(Data extracted from a collection)
Start of Block
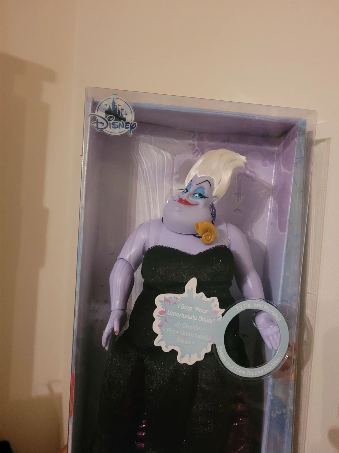 25Ursula from Disney's The Little Mermaid is ready to come home with you! This doll is brand new in its original packaging. She even sings "Poor Unfortunate Souls" when you press the button. A must-have for any Disney collector!
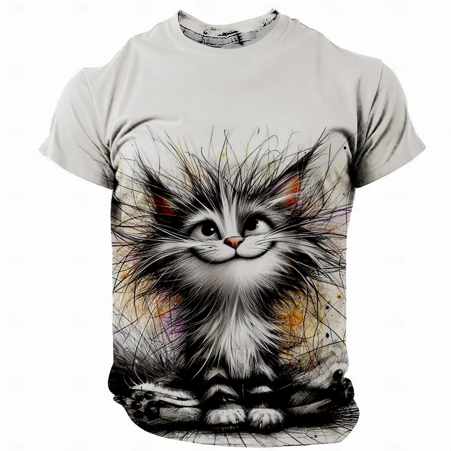 Men’s Funny Cat T-Shirt – 3D Print Crew Neck | Retro Vintage Short Sleeve for Spring & Summer Streetwear
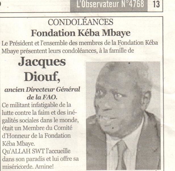 Condoléances Jacques Diouf Condoléances Jacques Diouf
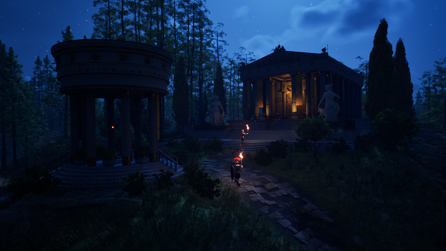 Venture across the ruins and wilds, just beyond the gates of the Underworld. With heightened movement abilities, traverse and endure the natural challenges of coastal cliffs, foggy woods, dark caves, and blistering sands to unlock treasure and power amidst reclaimed temples.
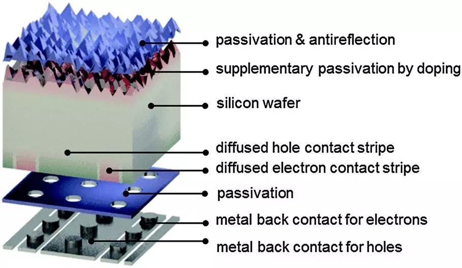 常規(guī)的太陽能電池板通常將用于電流傳輸?shù)睦|線網(wǎng)格設(shè)置在電池頂部,而這種做法會(huì)對(duì)入射光造成阻擋。IBC 電池將這些電極轉(zhuǎn)移到設(shè)備的背面,從而讓更多的光線得以通過,提高了電池的效率,但也使得制造工藝更為復(fù)雜。
End of Block
## Problem description
Without altering a word, return all of the records above and leave out their pictures.

## Written solution
 25Ursula from Disney's The Little Mermaid is ready to come home with you! This doll is brand new in its original packaging. She even sings "Poor Unfortunate Souls" when you press the button. A must-have for any Disney collector!
 Men’s Funny Cat T-Shirt – 3D Print Crew Neck | Retro Vintage Short Sleeve for Spring & Summer Streetwear
 Condoléances Jacques Diouf Condoléances Jacques Diouf
 Venture across the ruins and wilds, just beyond the gates of the Underworld. With heightened movement abilities, traverse and endure the natural challenges of coastal cliffs, foggy woods, dark caves, and blistering sands to unlock treasure and power amidst reclaimed temples.
 常規(guī)的太陽能電池板通常將用于電流傳輸?shù)睦|線網(wǎng)格設(shè)置在電池頂部,而這種做法會(huì)對(duì)入射光造成阻擋。IBC 電池將這些電極轉(zhuǎn)移到設(shè)備的背面,從而讓更多的光線得以通過,提高了電池的效率,但也使得制造工藝更為復(fù)雜。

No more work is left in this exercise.